Well, it would be somewhere in the range of - it is a wide range, but, say, mid-60s to maybe $70 million. Of course a lot of that depends on the fourth quarter operating performance, but you would recall we did pay out a $26 million dividend earlier in the year. We will have some more share repurchases ahead of us, which we will use some of the cash and we have got a slightly higher CapEx number really due to that end of the year timing issue that I mentioned, so it is still a very healthy cash balance and we feel like we are well positioned to make the investments we need to make going into the next year.
Great. Then if you would hazard a guess at this as we think out to 2016 any sense for what level of comp you may need to generate operating margin expansion next year?

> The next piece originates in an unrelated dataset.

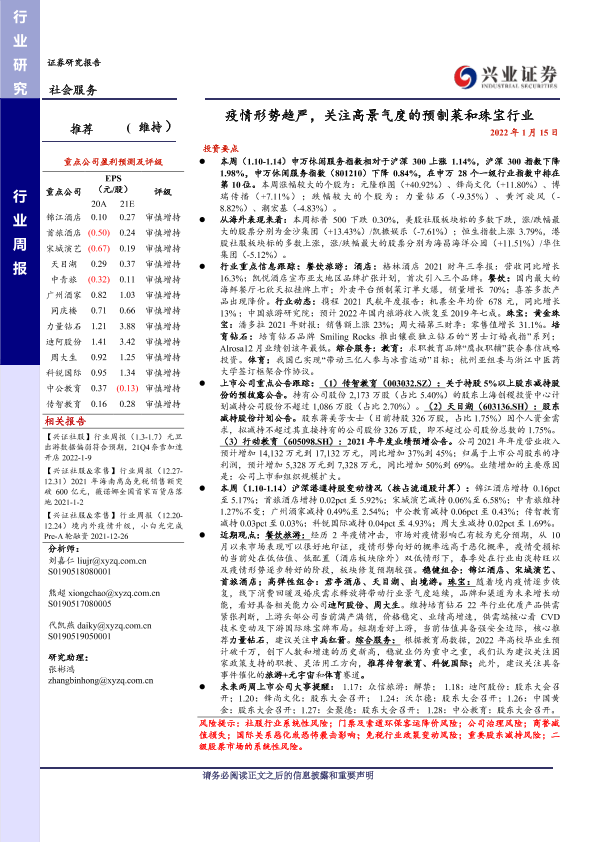 【兴业证券】【20220115】社会服务行业周报:疫情形势趋严,关注高景气度的预制菜和珠宝行业-15页

It is early, Brad. We are going to give a lot of color on that next time we speak, but I think that we can with a modest comp, achieve that. I mean, there are some roadblocks potentially to that for all the retail particularly, when you talk about labor costs for us. I think supply chain is going to be a focus, but something I think we can hold path. If we can comp and continue this growth plan and it would be more front-ended, we do have the opportunity I think to generate leverage at a three comp range.
That is great. Thank you for all the answers and good luck this holiday season.
Ladies and gentlemen, this concludes our question-and-answer session. I would like to turn the conference back over to the Management for any closing remarks.
Thank you, everybody, and we appreciate your attention and time on the call today and we look forward to talking with you next quarter.
Thank you, sir. The conference is now concluded. Thank you for attending. You may now disconnect.